You can also manage the lifetime yourself:

```python
sbx = await sb.on_device.session(backend="userns").open()
try:
    proc = await sbx.run("uname -a", stdout=True)
    out, _ = await proc.communicate_text()
finally:
    await sbx.close()
```

> [!NOTE] Remote sessions open lazily
> For a remote `SandboxSession`, `async with sbx` (or `await sbx`) waits for the pod to become addressable, but the transport health-check is deferred to the first `run()` / `put_bytes` / `get_bytes` call. Your own setup work overlaps with pod startup.
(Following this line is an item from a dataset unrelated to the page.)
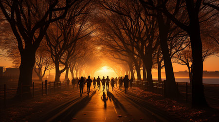 Men and women jogging in tranquil city landscape generated by artificial intelligence

See [Deployment](https://www.union.ai/docs/v2/union/user-guide/sandboxing/interactive-sandboxes/running-commands/deployment) for the detached-lifetime pattern.

## `run()`

`run()` executes one command in the sandbox and returns a `SandboxProcess`, a subprocess-like handle you drain for output:

```python
proc = await sbx.run(
    "python -c 'import os; print(os.uname())'",
    stdout=True,                                    # PIPE | INHERIT | DEVNULL | False
    stderr=True,
    env={"FOO": "bar"},
    cwd="/tmp",                                     # under the sandbox work dir
    script_type="shell",                            # "shell" | "python"
    network_mode="allowlist",                       # "blocked" | "open" | "allowlist"
    network_allowlist=["pypi.org", "*.pythonhosted.org"],
    timeout_s=30,
)
```

| Argument | Type | Meaning |
|---|---|---|
| `cmd` | `str` | The command (shell) or script (`script_type="python"`) to run. |
| `stdout`, `stderr` | `True` / `False` / `PIPE` / `INHERIT` / `DEVNULL` | How to handle each stream. `True` captures (pipe); `False` discards. Constants are exported as `sb.PIPE`, `sb.INHERIT`, `sb.DEVNULL`. |
| `env` | `dict[str, str]` | Extra environment variables for the process. |
| `cwd` | `str` | Working directory, resolved under the sandbox work dir. |
| `script_type` | `"shell"` / `"python"` | Interpret `cmd` as a shell command or a Python script. |
| `network_mode` | `"blocked"` / `"open"` / `"allowlist"` | Network posture for this call. See [Networking](https://www.union.ai/docs/v2/union/user-guide/sandboxing/interactive-sandboxes/running-commands/networking). |
| `network_allowlist` | `list[str]` | CIDRs or DNS patterns, used only with `network_mode="allowlist"`. |
| `timeout_s` | `float` | Kill the process after this many seconds. |

> [!NOTE] `network_denylist` is set on the session, not per `run()`
> `run()` takes `network_mode` and `network_allowlist` per call, but not `network_denylist`. The deny-list is a session-level policy; pass it to `sb.on_device.session(...)` / `sb.session(...)`. See [Networking](https://www.union.ai/docs/v2/union/user-guide/sandboxing/interactive-sandboxes/running-commands/networking).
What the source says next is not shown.